In the past several decades, increasing human activities—including fossil fuel combustion which emits pollutants such as NOx and NH3 (Conley et al., 2009; Xing et al., 2017), fertilizer use (Wang et al., 2019), and sewage discharges (Yang et al., 2018; Wang et al., 2019)—have led to a nutrient enrichment in coastal oceans. Eutrophication is usually associated with changes in nutrient concentrations and element ratios. Element ratios include molar ratios of dissolved inorganic nitrogen (DIN) and dissolved inorganic phosphate (DIP), and/or DIN and dissolved silicate (DSi). Both nutrient concentrations and element ratios affect community development and elemental biogeochemistry (Belias et al., 2007; Howarth et al., 2011). For example, harmful algal blooms (HABs) frequently occurred in eutrophic coastal zones, seriously affecting marine life and ecosystem function. To improve ecosystem services in these coastal oceans, nutrient reduction and element-ratio management are required (Dodds, 2006; Conley et al., 2009).

Besides above-mentioned human activities, ocean circulation also contributes to coastal nutrient dynamics (Zhao and Wei, 2005; Cloern et al., 2007; Smith et al., 2014). The tight coupling of natural variations and human activities thus complicates both research development and remediation designs.

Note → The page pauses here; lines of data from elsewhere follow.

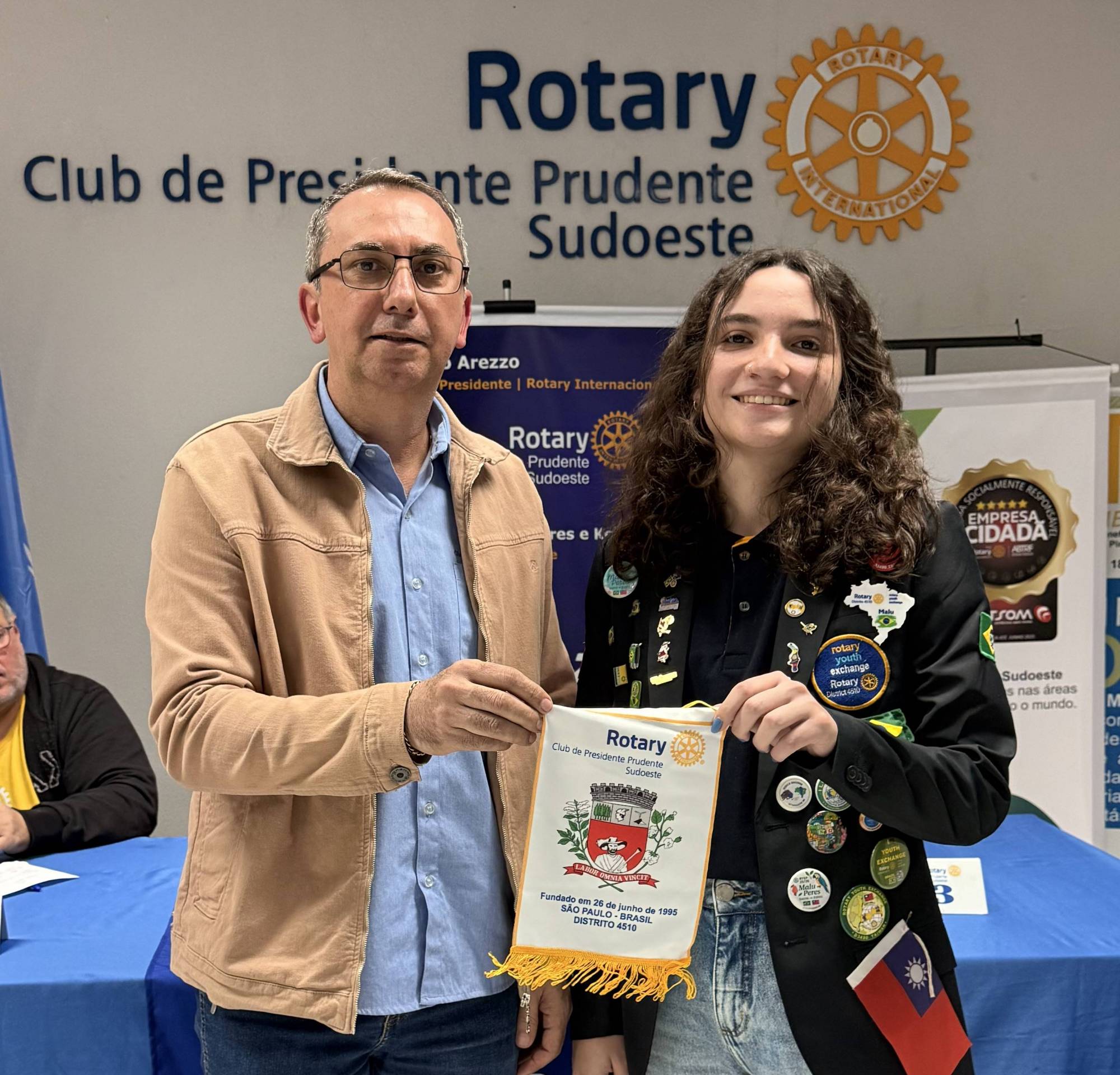 Durante a reunião, Malu ocupou a tribuna para compartilhar suas expectativas e emoções, demonstrando entusiasmo e gratidão pela oportunidade. Ela recebeu, das mãos do presidente Joel Viscaino Soares, as flâmulas do clube, que levará consigo para trocar com os clubes que visitar, representando o Rotary Sudoeste e a cidade de Presidente Prudente com orgulho.
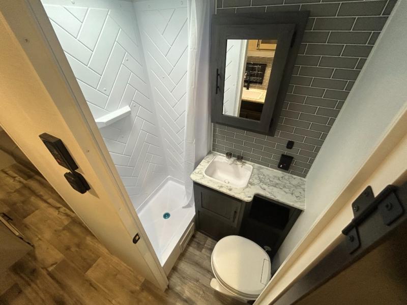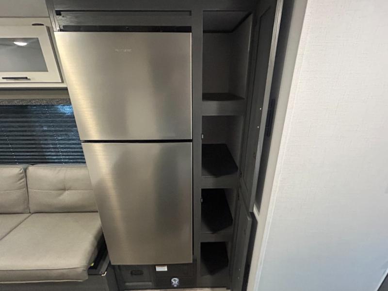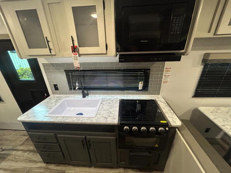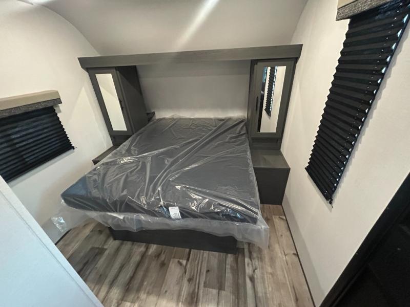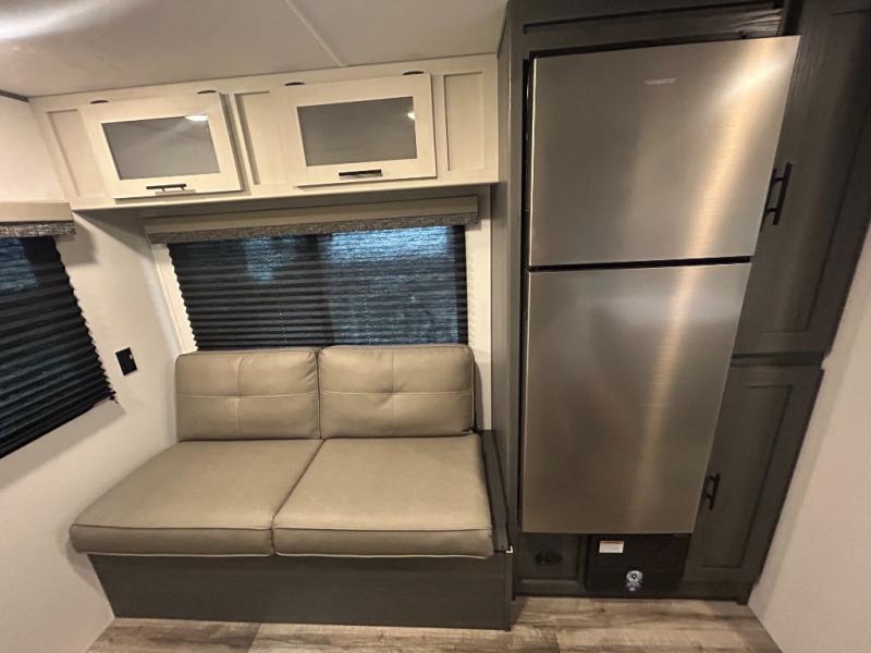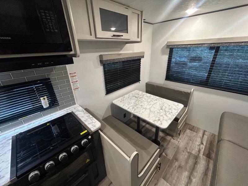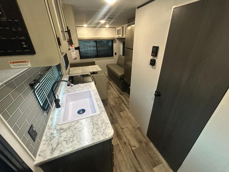 Whatever reason you camp, this lightweight trailer allows you to easily tow to your campsite, and enjoy comforts of home such as your own residential queen bed, wardrobe storage, a full bathroom with a shower, and furniture to relax and dine at. The sofa and booth dinette are across from each other, allowing you to visit with other RVers or your family. The cook will have an oven and a microwave to make meals, and a 10 cu. ft. 12V refrigerator for cold items, plus a galley sink with high rise faucet to keep the dishes clean.
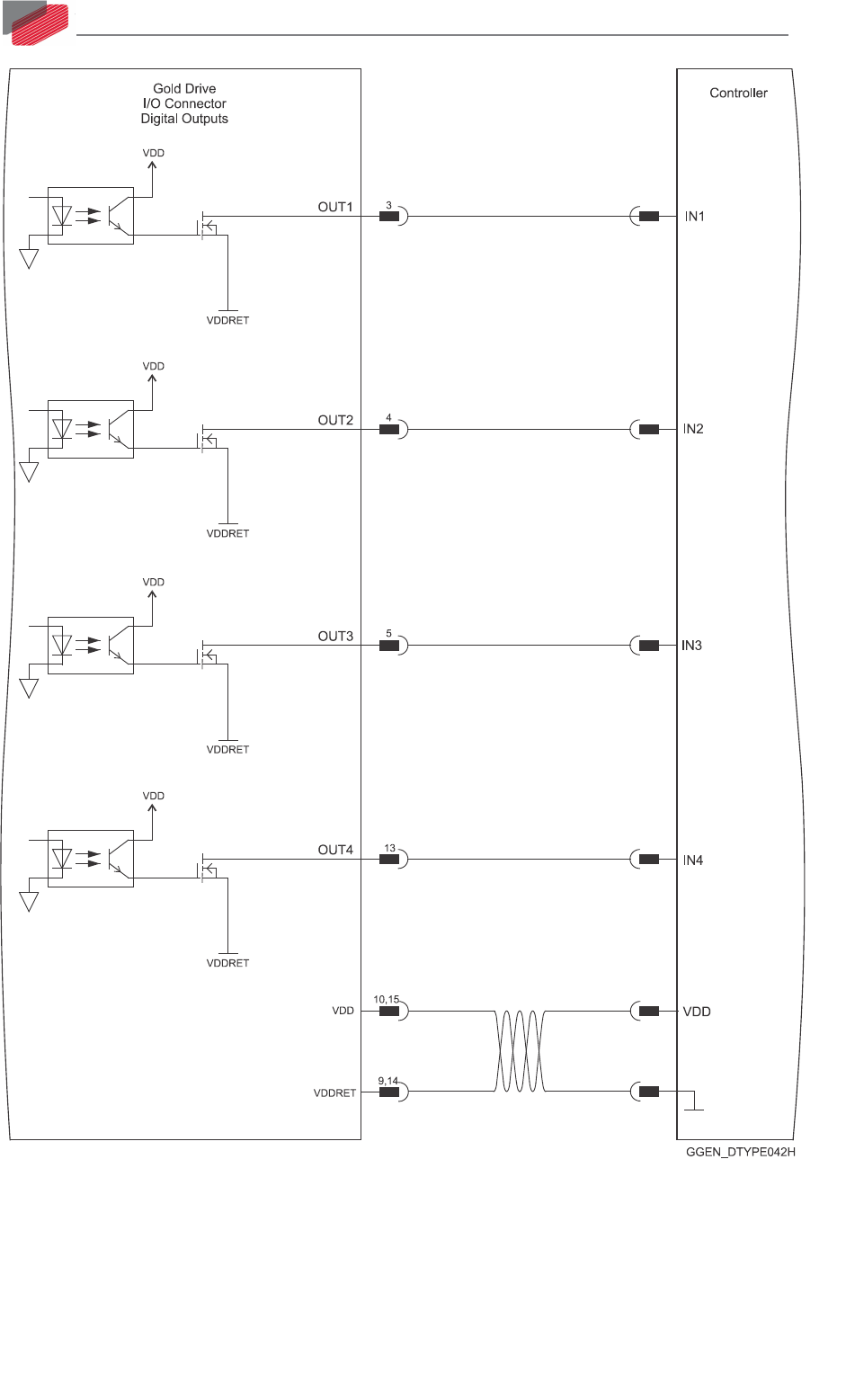 Figure 33: Digital Output as Sink Configuration D-Type Connection Diagram
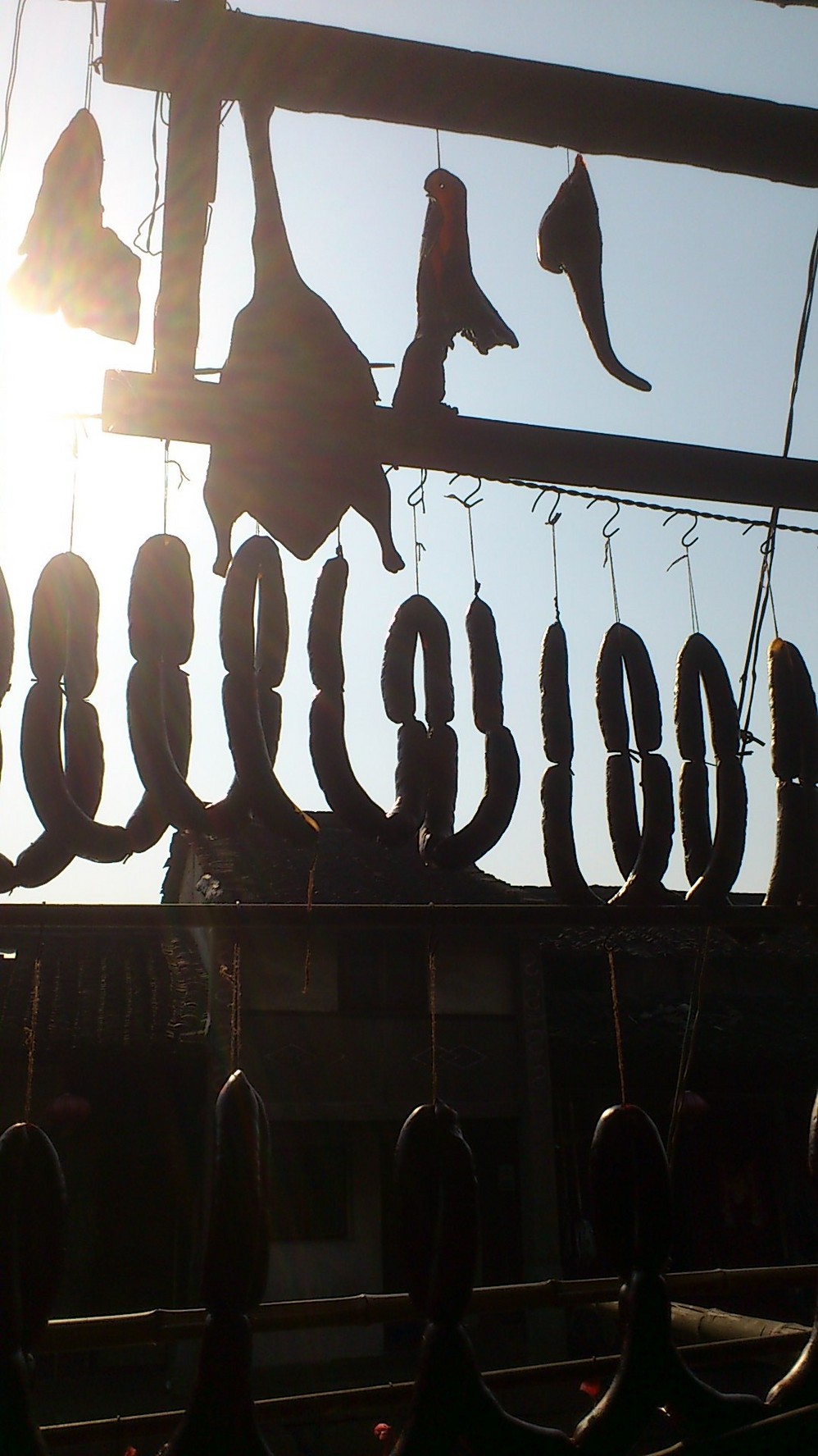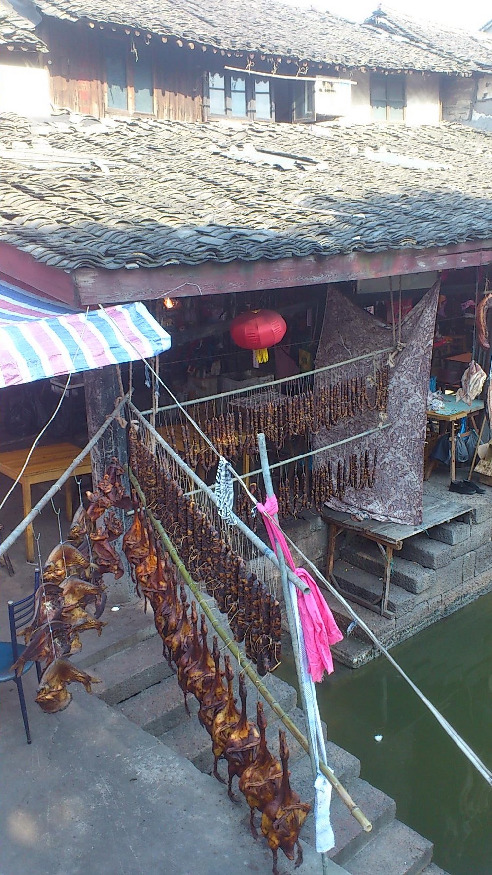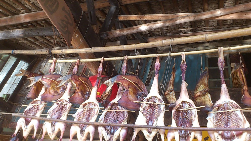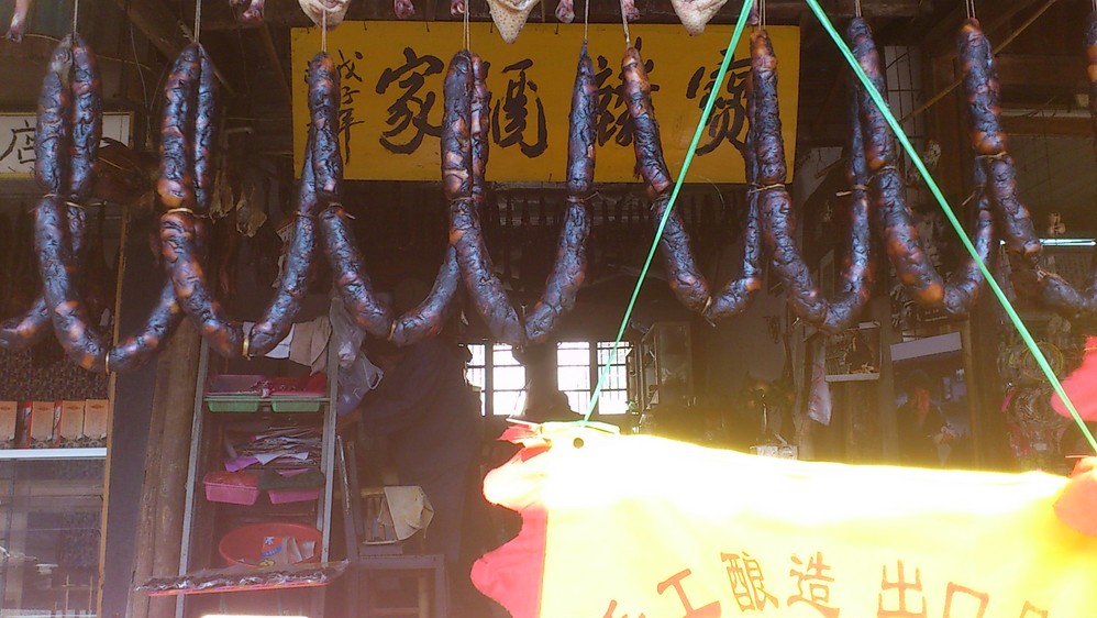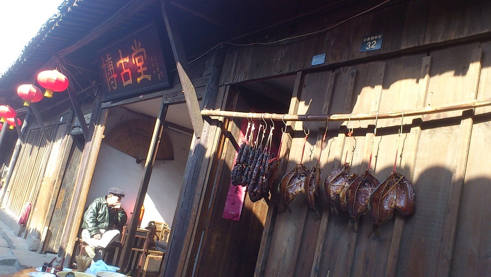 进入古镇了,对于挂着的那些鸭子和肠子很是好奇……

As a shallow semi-enclosed marginal sea with heavily populated coasts off North China, the Bohai Sea has exhibited dramatic environmental degradation and eutrophication since the 1990s (Ding, 1999; Yu et al., 2001; Wang and Li, 2006). According to Wang et al. (2019), the nitrate concentration of the Bohai Sea in winter (which usually accounts for 70%–95% of total DIN) substantially increased from 1 to 5 μmol L−1 in the 1980s to 5–10 μmol L−1 in the 1990s and to 8–15 μmol L−1 in the 2000s. Additionally, Xin et al. (2019) showed that the DIN concentration in Bohai Sea underwent a 7-fold increase from the late 1990s to the beginning of the 2010s, inducing a basin-scale DIN/DIP ratio increase and a DSi/DIN ratio decline (e.g., Wang and Li, 2006; Liu et al., 2011; Guo et al., 2014). Correspondingly, basin-wide phytoplankton growth and HABs frequently occurred in the Bohai Sea in the 2000s (Fu et al., 2016; Song et al., 2016). To mitigate the water pollution and environmental degradation in the Bohai Sea, many pollution monitoring and control measures have been adopted in the surrounding provinces and cities, including controls related to industrial pollution, domestic sewage, terrestrial non-point pollution, marine mobile pollution, marine accident contamination, and aquaculture effluents, and sewage reuse has been encouraged (Wang and Gao, 2007). Such measures have presumably cost the Chinese central government over 100 billion RMB yuan (http://www.yzhbw.net/news/shownews-14_12037.dot).

Although sewage and pollution controls are certainly important, the Bohai Sea is connected to open oceans via circulation (Fig. 1). The open oceans supply background nutrients for coastal waters (Smith et al., 2014). We contend that eutrophication in the Bohai Sea must be regarded as a regional, rather than simply a local issue. After all, the Bohai Sea is directly connected to the Yellow Sea (Fig. 1), where DIN increased from the 1980s–2000s (Wei et al., 2015; Yang et al., 2018). Yet the nutrient changes in the Yellow Sea have not been considered in past attempts to understand eutrophication in the Bohai Sea.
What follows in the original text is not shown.